Finally, the end (of last Sunday's chicken) is night. Remember the stock made from the bones etc. ? Well, hold that thought.
In the meantime, more about the day. 9th of March ? We've had many a May without a single day that was so warm and blue - with a completely cloudless sky.
So after the morning of sorting out the probiotics - a new batch of kefir and kombucha started off ; the fermenting - a 5-gallon lot of Chardonnay started off from a kit - and yet more laundry (the throws, fleecy blankets and cushion covers having a post-winter clean), into the garden I went.
Via the conservatory, of course - the first seeds of the year (the Christmas present scorpion chillied) are coming along nicely. The tins next to the little pot contain my seed collection, not chocolates !
Laundry out on the line...
...celandines...
... and three colours of crocus.
I have managed to tackle most of my weekend facienda (to do list), with only the seed sowing left over. I did organise the said seeds, prep the pots and the ground in the beds for those going straight outside though. I would hope that I might catch up with that during the week, but with work and all that DD has planned for me to do for her during the week, it's highly unlikely that I will have either time or energy to do so. I can but hope....
And eventually, time for dinner - chicken noodle soup. A handful of veg of your choice, a tub of chicken stock, a handful of soup noodles. I had neither mushrooms nor sweetcorn - favourites for this soup - so went with leek, which turned out to be a mistake, as OH - no leek lover he - found it too leeky to eat.
Oh well. There's always the healthy option of a chocolate cake (from and AF mix) instead (baked as a traybake in a brownie tin).
The soup looks good to me but then I prefer leeks to chocolate cake. I stripped the last scraps off a carcass to freeze yesterday and then did a batch of stock. Added a slug of vinegar as you suggested so will be interested to see what it adds.

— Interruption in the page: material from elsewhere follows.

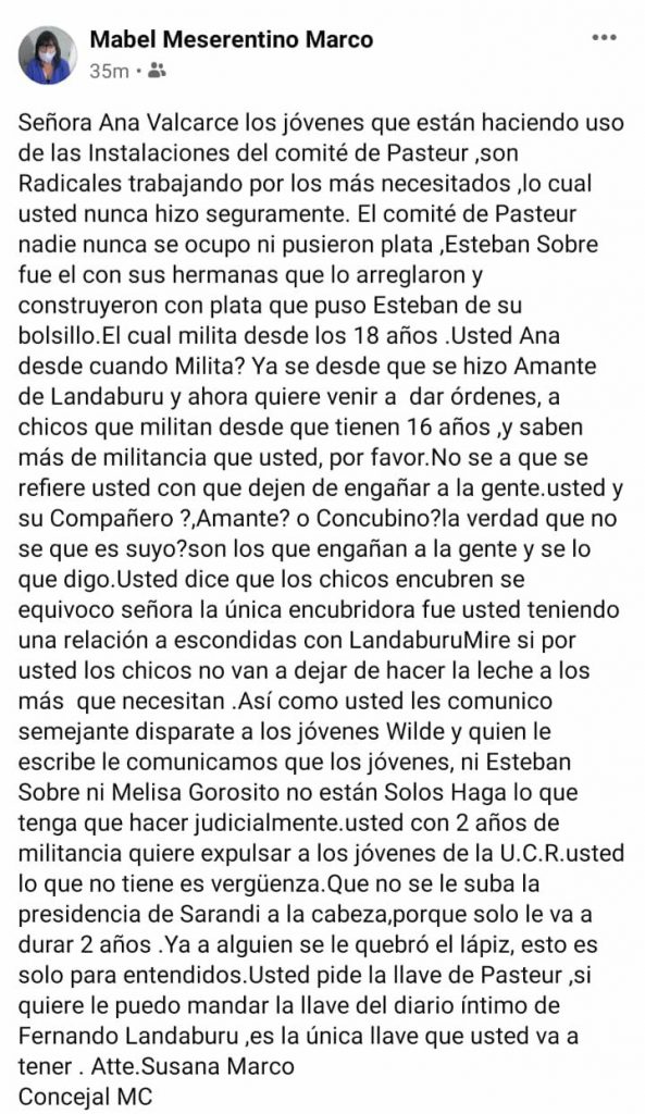 Ya van a seguir las denuncias cruzadas del rejunte en Avellaneda que apoya a Facundo Manes, todos tienen varios archivos que no resisten, compren pochoclos que esto, recién comienza. El culebrón política promete traer más historias, otros radicales están preocupados que las mujeres no se queden calladas y ardan las redes, un tal Rodrigo, ex concejal, ahora funcionario adjunto de una dependencia que no recuerdo el nombre tiene un perfil bajo, pero si la rubia habla esto no para más.
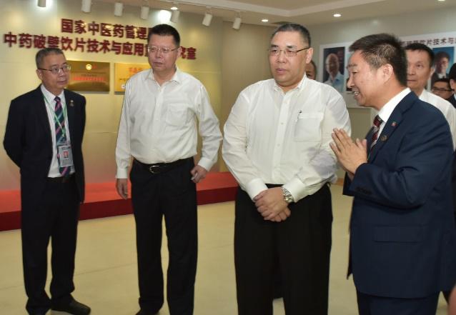 圖說:中智藥業(yè)總工程師成金樂教授向澳門特首崔世安(右二)、中山市長焦蘭生(右三)一行介紹新型中藥破壁飲片。

ReplyDeleteYup, leeks for me too. I finished off his portion and he had the cake, we were both happy. You shouldn't be able to notice any change in flavour with vinegar - it should all cook out. The reason for using it is because it helps release locked-up calcium from the bones into the stock, and therefore into your diet - so extra nutritional punch.
DeleteI noted the vinegar addition and wondered why? I have always added some, because I was taught to, I just didn't question it. I have read that if you pressure cook the bones they become soft enough to feed to pets, I may try that out next time we have a chicken.
ReplyDeleteI must put a pressure cooker on my gadget wish list !
DeleteAah, I wondered what the vinegar was for too. I shall do that then
ReplyDeleteThink I better update the post with this information and quit confusing people, lol.